This school year was NOT a return to normal. Most of the education leaders in Baltimore I speak with talk about a new normal with significant issues like teacher burnout and shortages and an increase in student behavioral issues with attendance topping the list.

In the recent New York Times article, More Pandemic Fallout: The Chronically Absent Student, by Jacey Fortin, we read that: 

“Chronic absence has skyrocketed” during the pandemic, said Hedy Chang, the director of Attendance Works, a national group that promotes solutions to chronic absenteeism, which has been linked to weaker academic performance and can predict whether a student is more likely to drop out before finishing high school.

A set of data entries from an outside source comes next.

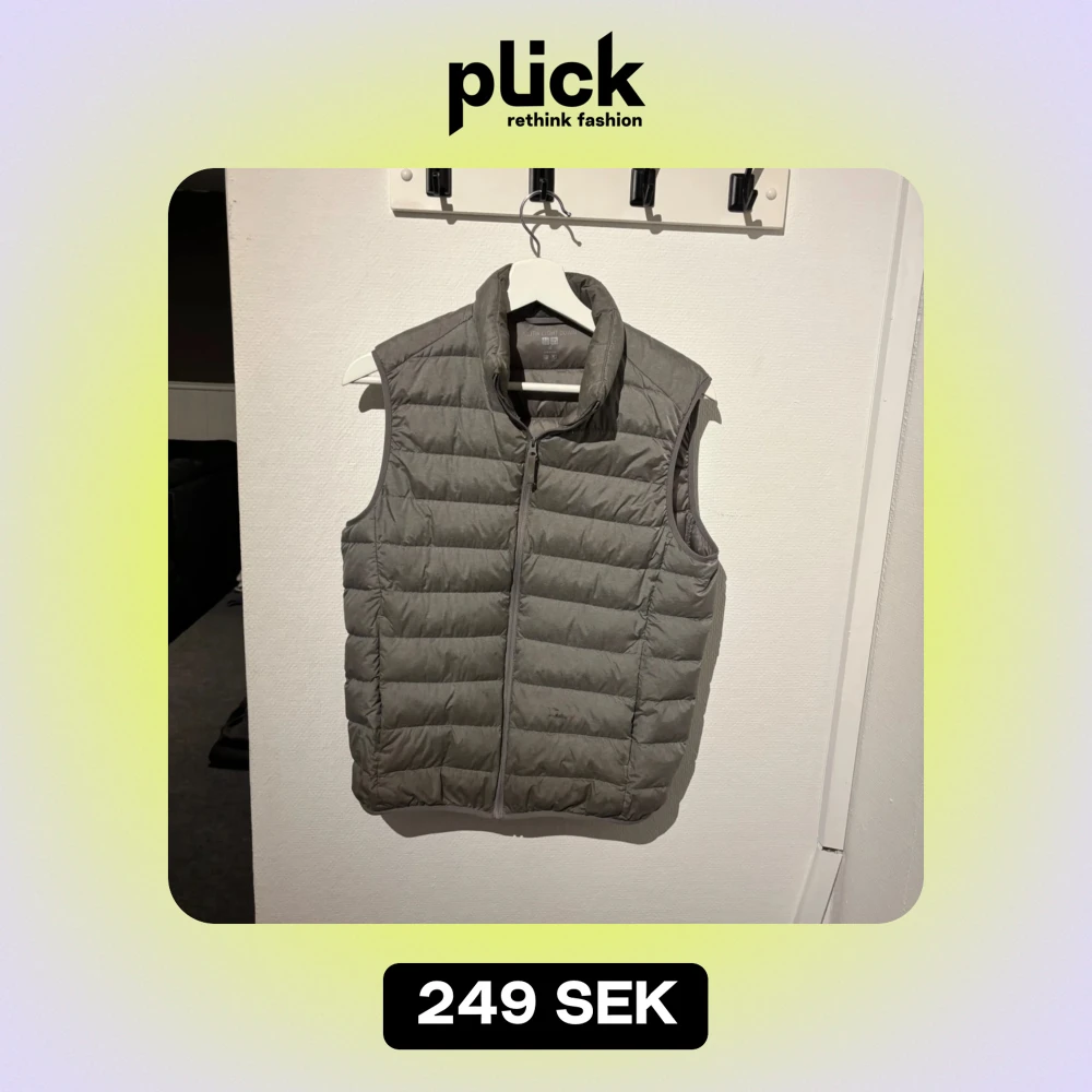 Säljer en stilren grå dunväst från Uniqlo i storlek XS.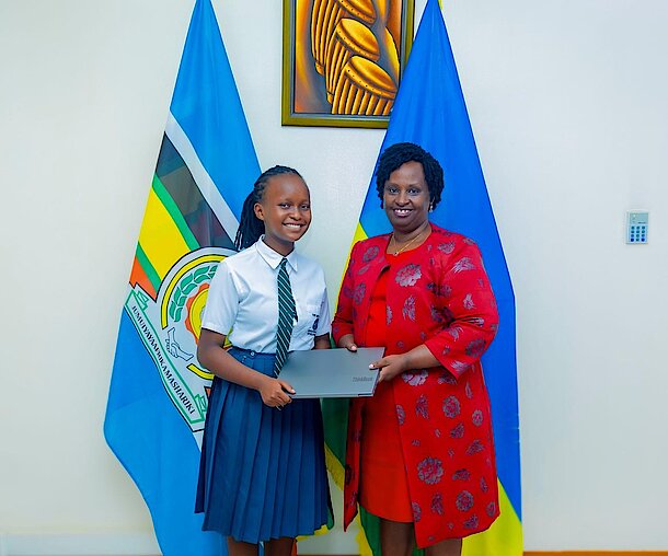 Kigali, 11 March 2026 - Minister of State Dr. Usta Kaitesi congratulated and awarded Atete Kagorora Arianah, a Rwandan secondary school student who emerged as the winner of the 2024 EAC Essay Writing Competition.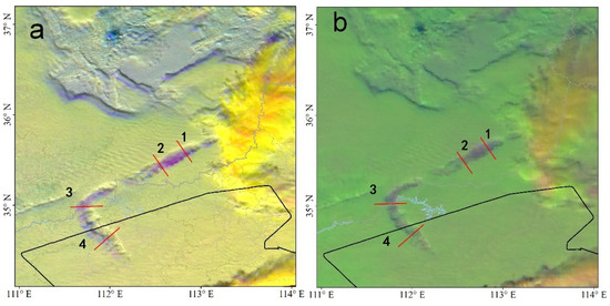 (a) Tri-channel fusion cloud image of the FY-3D polar-orbiting satellite at 05:40 on 15 December 2019; (b) that of the FY-4A satellite at 05:38. The black line marks the flight path of the aircraft, and the red lines represent the four cross-sections examined (see the red lines).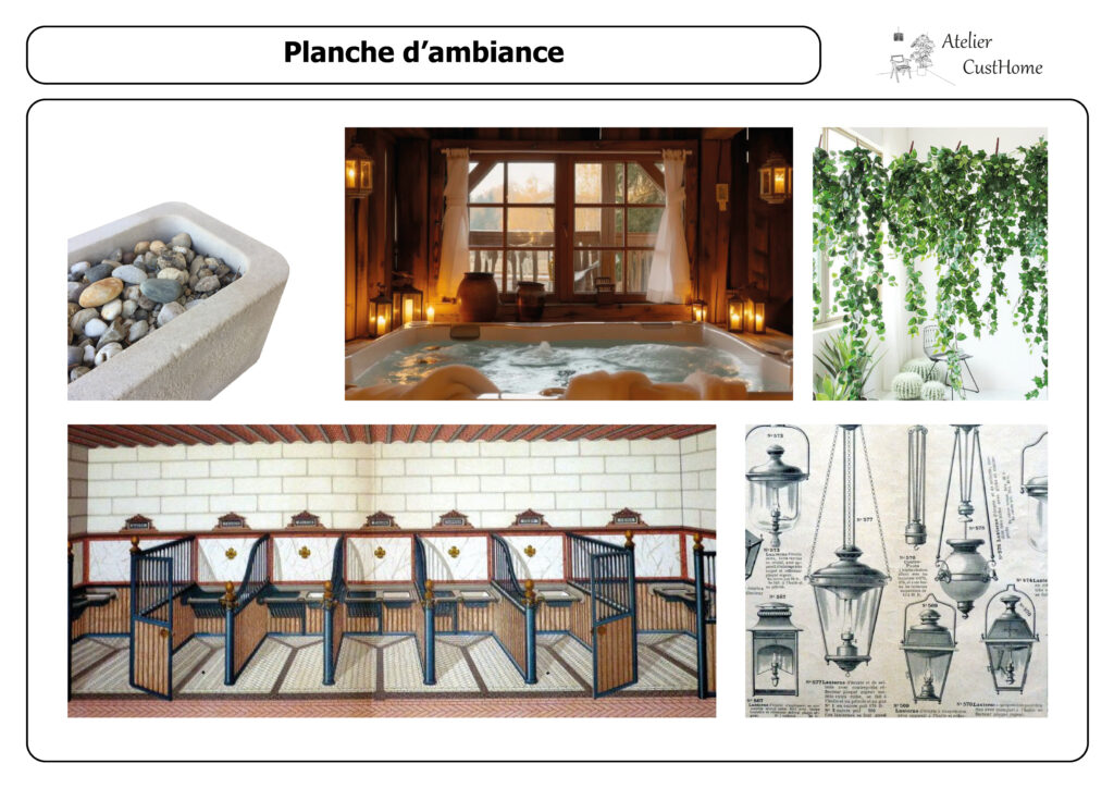 PROJET ECRIN – Création d’un jacuzzi dans une ancienne écurie – mélange d’Ecuries Royales et d’ambiance Chalet.

Rates of absenteeism can be hard to compare nationally because schools do not report the data in the same way, nor on the same timetable. But according to a December report from the consulting firm McKinsey & Company, which defined chronic absenteeism as missing 15 school days per year, the percentage of students who were on track to be chronically absent was about 22 percent — more than double the rate of chronically absent students before the pandemic.

“While absenteeism rates for high-income students are leveling off, rates for low-income students have continued to worsen since the spring,” the report added.

“What we know,” Dr. Chang said, “is that chronic absence is exacerbating existing inequities.”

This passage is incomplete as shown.